What is included: Support for 80+ OAuth providers (Google, GitHub, Apple, Microsoft, Slack, Twitch, and many more), email/password via the Credentials provider, magic links via the Email provider, and database sessions or JWT sessions. Auth.js does not include prebuilt UI components — you build your own login pages. It does not include MFA out of the box, but you can implement it by extending the Credentials provider.

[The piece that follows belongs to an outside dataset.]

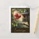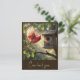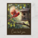 A red cardinal bird returns to his wooden house where probably her little kids are waiting to be fed. The Lovely bird is surrounded by fresh and green trees which makes the atmosphere so inviting.

It does not include rate limiting, account lockout, or brute force protection — you handle those yourself or add them via middleware.

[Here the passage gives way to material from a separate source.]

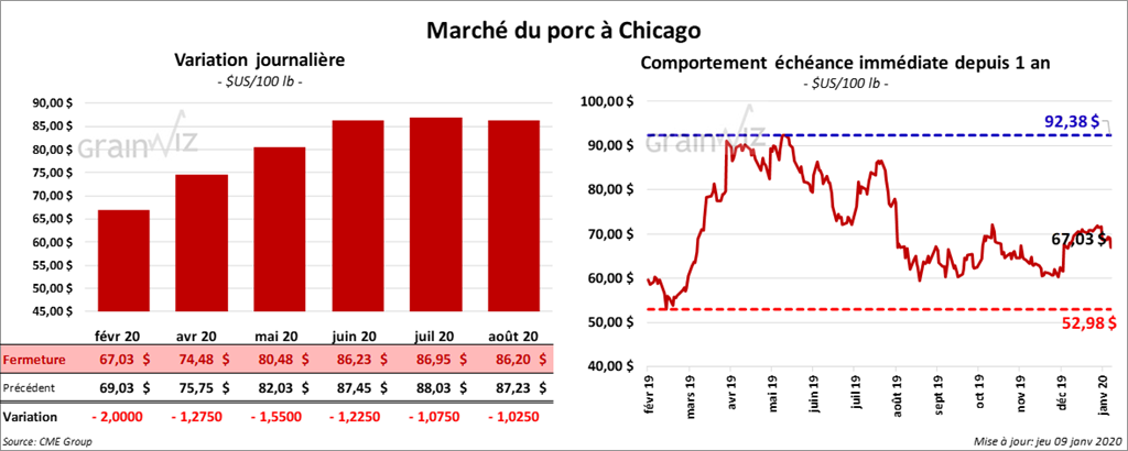 Les contrats de porc US ont fini la session dans le rouge de 1,27 à 2 $. Le contrat février 20 a le plus reculé.

Philosophy: Auth.js believes authentication should be fully under your control. You own the code, you own the data, you own the infrastructure. Nothing is hidden behind a service. The trade-off is that you are responsible for everything — security hardening, session management, edge cases, and keeping up with security patches. This is the most flexible option and the most labor-intensive option simultaneously.
- Free tier: Completely free, forever (open source, MIT license)
- Complexity: Highest — significant configuration, no prebuilt UI, security features must be added manually
- Vendor lock-in: None — you own everything
Firebase Auth
Firebase Auth is Google's authentication service, part of the broader Firebase platform. It has been around since 2016, making it the most mature option on this list. Millions of applications use it, from small side projects to apps with millions of users.
Architecture: Firebase Auth runs as a fully managed service on Google's infrastructure. When a user signs in, Firebase issues an ID token (a JWT) and a refresh token. The ID token is verified by Firebase's SDKs on the client side and by the Firebase Admin SDK on your server. If you use other Firebase services (Firestore, Cloud Functions, Cloud Storage), the ID token automatically controls access through Firebase Security Rules — similar in concept to Supabase's RLS but using a different rule language.
What is included: Email/password, phone/SMS auth (a standout feature — Firebase's phone auth is the most battle-tested in the industry), anonymous auth (users get a temporary account that can be upgraded to a permanent one later), OAuth with Google, Apple, Facebook, Twitter, GitHub, Microsoft, and Yahoo, magic links, multi-factor authentication via SMS and TOTP, and a custom auth system that lets you integrate with any identity provider by minting your own tokens. Firebase also includes App Check, which verifies that requests come from your legitimate app and not from a script or spoofed client.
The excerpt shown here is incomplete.